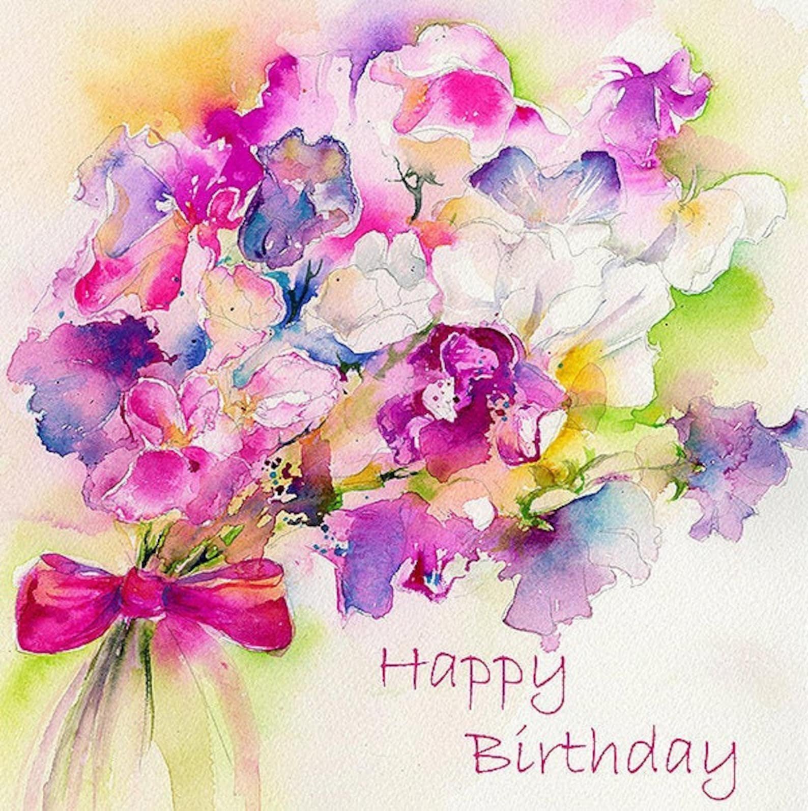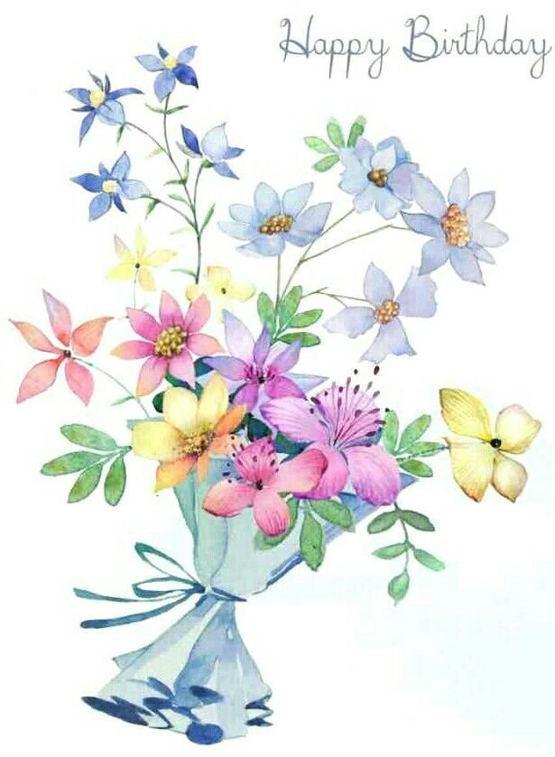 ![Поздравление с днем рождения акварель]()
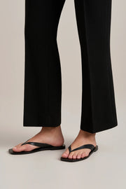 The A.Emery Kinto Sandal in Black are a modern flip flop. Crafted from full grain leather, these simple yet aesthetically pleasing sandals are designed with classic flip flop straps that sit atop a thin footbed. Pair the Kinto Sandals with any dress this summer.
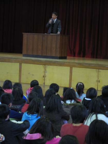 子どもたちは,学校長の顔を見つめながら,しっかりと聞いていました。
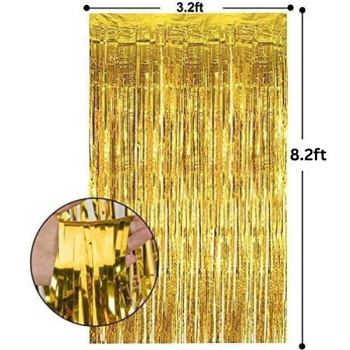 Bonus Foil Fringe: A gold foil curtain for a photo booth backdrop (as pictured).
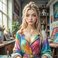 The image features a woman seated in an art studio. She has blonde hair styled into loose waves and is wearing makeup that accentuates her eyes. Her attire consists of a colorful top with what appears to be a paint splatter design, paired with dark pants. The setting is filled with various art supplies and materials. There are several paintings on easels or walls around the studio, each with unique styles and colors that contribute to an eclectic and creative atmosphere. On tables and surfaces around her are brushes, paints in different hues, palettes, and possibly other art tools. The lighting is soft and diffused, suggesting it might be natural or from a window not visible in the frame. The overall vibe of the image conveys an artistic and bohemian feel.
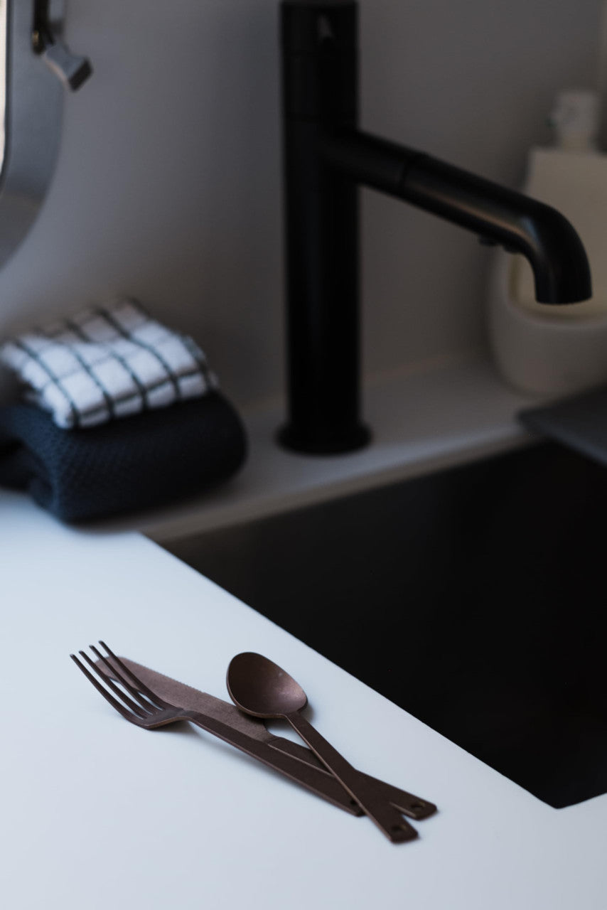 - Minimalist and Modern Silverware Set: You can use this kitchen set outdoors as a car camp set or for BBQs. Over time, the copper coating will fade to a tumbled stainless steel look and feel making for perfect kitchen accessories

# [PROBLEM]
Write out the data above exactly, minus any images.

# [RESULT]
 ![Поздравление с днем рождения акварель]()
 The A.Emery Kinto Sandal in Black are a modern flip flop. Crafted from full grain leather, these simple yet aesthetically pleasing sandals are designed with classic flip flop straps that sit atop a thin footbed. Pair the Kinto Sandals with any dress this summer.
 子どもたちは,学校長の顔を見つめながら,しっかりと聞いていました。
 Bonus Foil Fringe: A gold foil curtain for a photo booth backdrop (as pictured).
 The image features a woman seated in an art studio. She has blonde hair styled into loose waves and is wearing makeup that accentuates her eyes. Her attire consists of a colorful top with what appears to be a paint splatter design, paired with dark pants. The setting is filled with various art supplies and materials. There are several paintings on easels or walls around the studio, each with unique styles and colors that contribute to an eclectic and creative atmosphere. On tables and surfaces around her are brushes, paints in different hues, palettes, and possibly other art tools. The lighting is soft and diffused, suggesting it might be natural or from a window not visible in the frame. The overall vibe of the image conveys an artistic and bohemian feel.
 - Minimalist and Modern Silverware Set: You can use this kitchen set outdoors as a car camp set or for BBQs. Over time, the copper coating will fade to a tumbled stainless steel look and feel making for perfect kitchen accessories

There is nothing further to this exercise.